Once we laid eyes on the MAX30003 single-lead ECG monitoring chip from Maxim, we were excited to make heart-rate variability available at a much lower cost than the "Professional" patches. This led to development of the MAX30003 single-lead ECG monitor breakout board from ProtoCentral.
One thing led to another and here we are with HeartyPatch, a single-lead ECG and R-R intervals/heart-rate monitoring patch. ECG "patches" have long been a dream and a real need for cardiac risk assessment as well as for high-accuracy fitness and health monitoring.
Chest-based ECG has always been the standard for measurement of ECG, especially R-R intervals and HRV. Although optical sensors are available for HR measurement, their accuracy for the purposes of variability is questionable.
HeartyPatch is a completely open-source project with all schematics, layout, firmware and application software that are made available for download from the links given further down in this page.
Features:
- Single-lead ECG with two electrodes
- On-board connectors for standard disposable electrodes (eliminates the risk of using custom pads).
- Uses ESP32 WiFi/BLE SoC
- Use case for BLE: In a fitness application, data is continuously sent to a the user's smartphone and then optionally to a cloud
- Use case for WiFi: In a home-based monitoring set-up, data is sent to a cloud using WiFi
- Li-Ion battery and charging system on the board
Heartrate variability (HRV) also has numerous other uses apart from the cardiac function.
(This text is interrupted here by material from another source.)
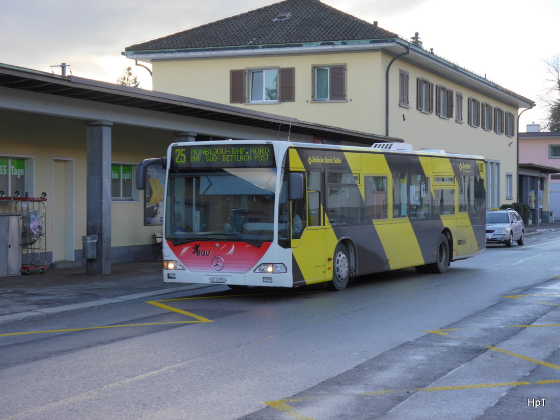 Der BGU Citaro I Nr. 17 steht beim Bahnhof Grenchen Süd. Der Wagen ist auf der Linie 38 zum Grenchenberg im Einsatz, deshalb hat er Schneeketten montiert, denn über Nacht hat es am Jura geschneit, 28.11.2015. Simon Bütikofer
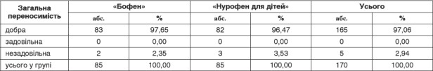 - Загальна переносимість препаратів «Бофен» та «Нурофен для дітей» була доброю у 97,65% дітей, що дає змогу віднести їх до групи високотолерантних препаратів.

Some of the notable ones include:
- The most obvious - cardiac function and arrhythmia detection. Variation in heartrate and the amount of variance in the heartrate directly corresponds to the Heart rhythm and abnormal rhythms can be detected by algorithms. More information about our studies on this will be published in a future update.
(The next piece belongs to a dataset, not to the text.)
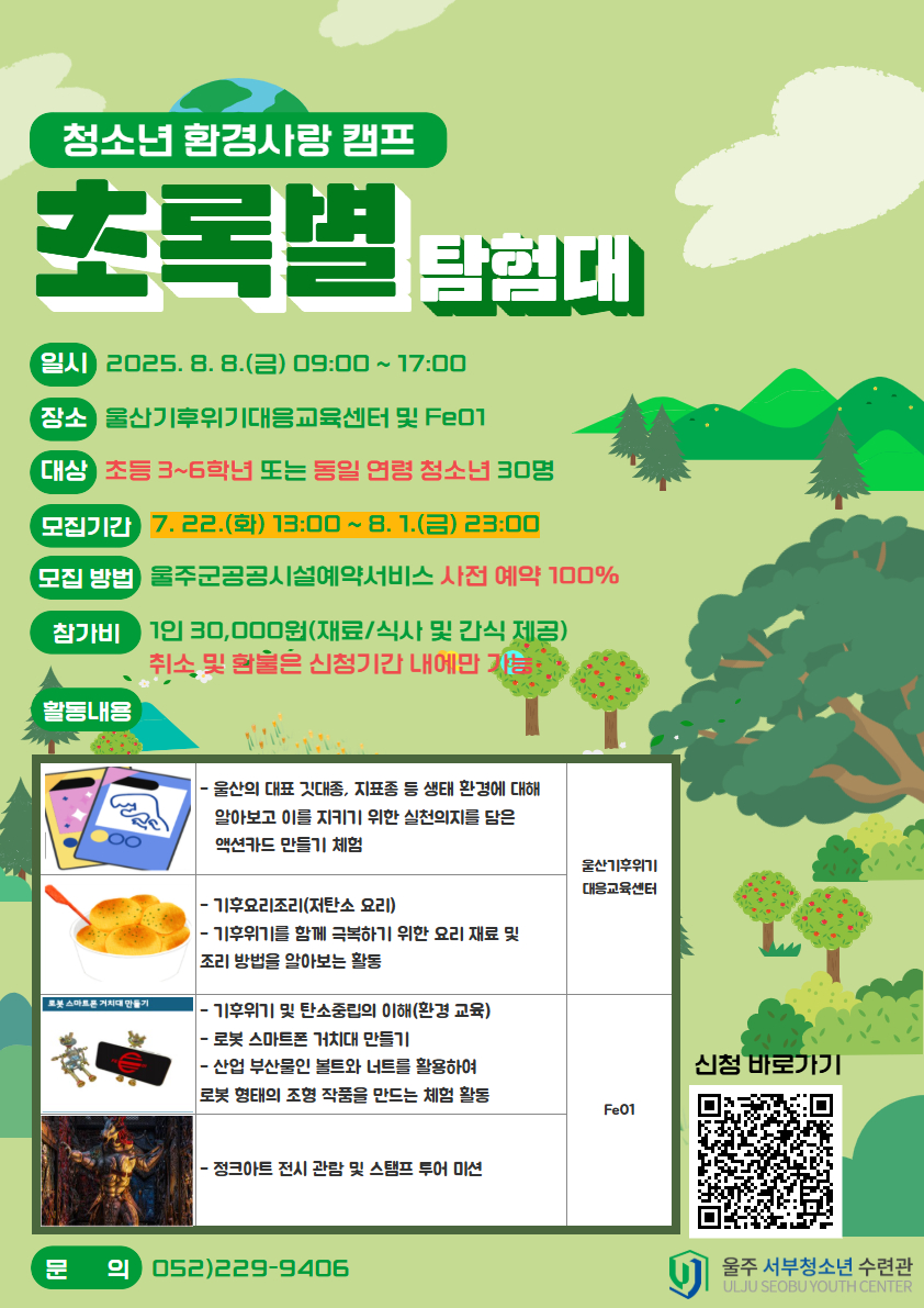 [울주서부청소년수련관] 청소년 환경사랑캠프 "초록별 탐험대" 참가자 모집 안내

- Mental stress analysis: The two branches of the autonomic nervous system: the sympathetic and the parasympathetic, constantly interact with each other. When a stress event occurs, there is a temporary increase/decrease in blood pressure which leads to a temporary increase/decrease in heartrate, which is reflected in HRV. Check out the reference: for more details. Funcionality to quantify stress will be added to HeartyPatch soon.
- Detection of emotional state: Studies have shown that a person’s emotional state (such happiness, fear, etc.) can be detected from studying HRV. This is specifically useful for evaluation of mental states in persons with intellectual disabilities such as autism, who does not express emotions in the way a normal person would. Read more about this at here.
- Several more applications of heart-rate variability have been identified that range from analysis of ANS (Autonomic Nervous System) dysfunction to even diagnosis of the progression of diseases and conditions such as Alzheimer’s, diabetes, stroke and epilepsy. Once you understand the basics of how the ANS function is reflected in heartrate, there is no limit as to what applications can be built around this technology.
By making this project open-source and available, we intend to lower the barriers of entry in to heartrate variability studies without worrying about intellectual property or NDAs to sign. We have made some incredible progress that we hadn't expected ourselves, but now we intend to let the community build more interesting applications and projects around this.
What's left to be desired:
- Improving the wearability and aesthetics of the enclosure. This would require some level of physical design.
- Implementation of machine learning classifiers to detect even more types of Arrhythmia.
Just FYI, there is a nice product with quite similar functionality called Kardia from a US company called Alivecor.
It costs $99. Apparently selling it rin the US as a product requires getting clearance from the US FDA, while avoiding being classified as a medical diagnostic device.
I now own one, but to get access to its software analytics, I had to first get a board certified cardiologist to read my first recorded "strip".
That said, the analytics they do appear to be quite clever pattern recognition.
Which only whets my appetite to "get access to the lower layers" of such a device.